While some resorts tend to sanitize their surroundings, the best hotels in Belize — including a couple owned by Francis Ford Coppola — seek to deliver you deeper into the natural attractions and activities the country is known for.
LessGaia River Lodge immerses you in the Belizean rain forest, and gives you a front-row view of the majestic Five Sisters Waterfalls in the Mountain Pine Ridge Forest Reserve. This immersion comes at some cost, if quick and effortless travel is a priority — but it’s worth the trouble, as this kind of eco-travel experience would be simply impossible in any less remote a location.
The one and only landlocked hotel on this list, San Ignacio makes its home in the Mayan country of western Belize, near the Guatemalan border. You’ll trade surf and sand for archaeological expeditions and rainforest canopy tours — and at the end of the day you’ll have a small-scale, environmentally friendly luxury hotel experience awaiting your return.
Set on a farm a 25-minute boat trip from the mainland, Thatch Caye occupies the merest speck of an island, with five overwater cabanas, four larger casitas with rooftop patios, and a single Family Villa, essentially a triple unit on stilts above the sea. What it may lack in five-star gloss it makes up for in full-immersion eco-tourism — you can’t get much closer to nature than this.
Film director Francis Ford Coppola knows a thing or two about staging an epic adventure in the jungle. Suffice it to say that things at Blancaneaux Lodge go quite a bit smoother than they did in Apocalypse Now. This is no dilettante’s experiment, but a highly accomplished, unpretentiously luxurious eco-lodge — and the wood-fired Italian cuisine and Coppola wines don’t hurt a bit.
The sequel to Blancaneaux Lodge, Turtle Inn dives deeper into Coppola’s taste for Asian design, featuring Balinese-style cottages and villas and Japanese-style baths. But there’s no mistaking the setting, which is pure Belizean beachfront chill — especially if you opt for a higher level of seclusion at Coral Caye, the hotels’ own private island, home to a single isolated cottage.
Sometimes a hotel’s address says a lot. Matachica’s, officially, is “5 Miles North of San Pedro, Ambergris Caye, Belize.” Set along a secluded white sand beach and reachable only by motorboat, the place looks more like some bohemian castaway commune than a typical resort, with its small collection of colorful thatch-roofed casitas scattered amidst the palm trees.

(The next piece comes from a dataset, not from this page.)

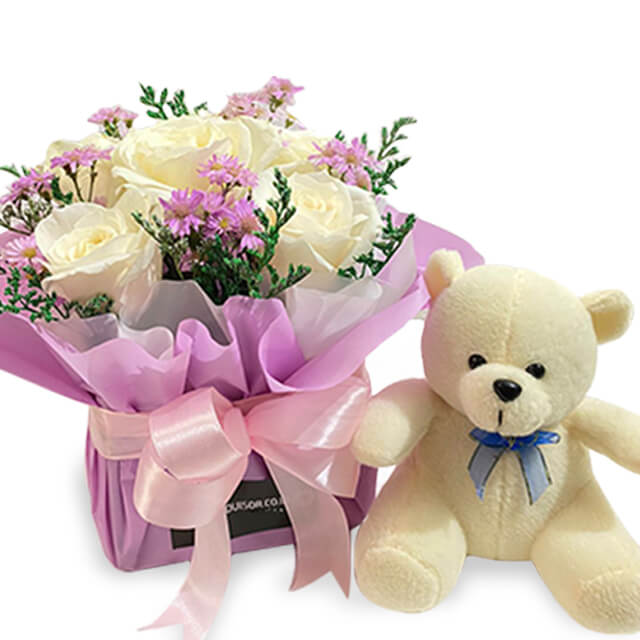A heartwarming floral arrangement featuring 6 white roses paired with a cute 6" teddy bear. The soft white roses bring a delicate, serene atmosphere, while the teddy bear adds a playful touch of charm. Perfect for birthdays, baby showers, or any special occasion for kids, this thoughtful gift is sure to be cherished for years to come.

On the fringe of San Pedro, at the south end of Ambergris Caye, Victoria House’s 42 plantation-style rooms spread out over ten acres of white sand beaches and tropical gardens. From here you’ve got unparalleled access to the Belizean Barrier Reef, including such attractions as the Hol Chan Marine Reserve and the sensibly (if frighteningly) named Shark Ray Alley.
Set on a 3,000-acre sustainable farm, surrounded by a 15,000-acre rainforest preserve, and comprised of twelve privately sited, low-impact, high-pleasure suites, Copal Tree Lodge is, quite simply, one of the leading eco-hotels on the planet. Copal Tree is also a regular entry on the bucket list of travel-savvy gourmands, wildlife enthusiasts, birders and fly-fishermen (and -women, presumably).
Ambergris Caye isn’t the easiest place on the planet to reach — once you get to Belize you’ve still got a commuter flight and a speedboat ride ahead of you — but it’s worth every mile. Situated right on the white sandy beach, Las Terrazas is a resort in the proper sense of the word — there’s a huge infinity pool, a fine-dining restaurant, a spa and wellness center, the works. All of this at boutique scale: just 37 rooms.
Placencia is almost comically blessed with travel-friendly attributes: with a perfect white sand beach on one side, and a mangrove-dotted bay and lagoon on the other, it’s ideally positioned for seaside lounging with a side of dolphin-watching and rainforest exploration. It’s got all kinds of hotels, from the merest shacks to impressive luxury boutique hotels like Itz’ana Resort & Residences.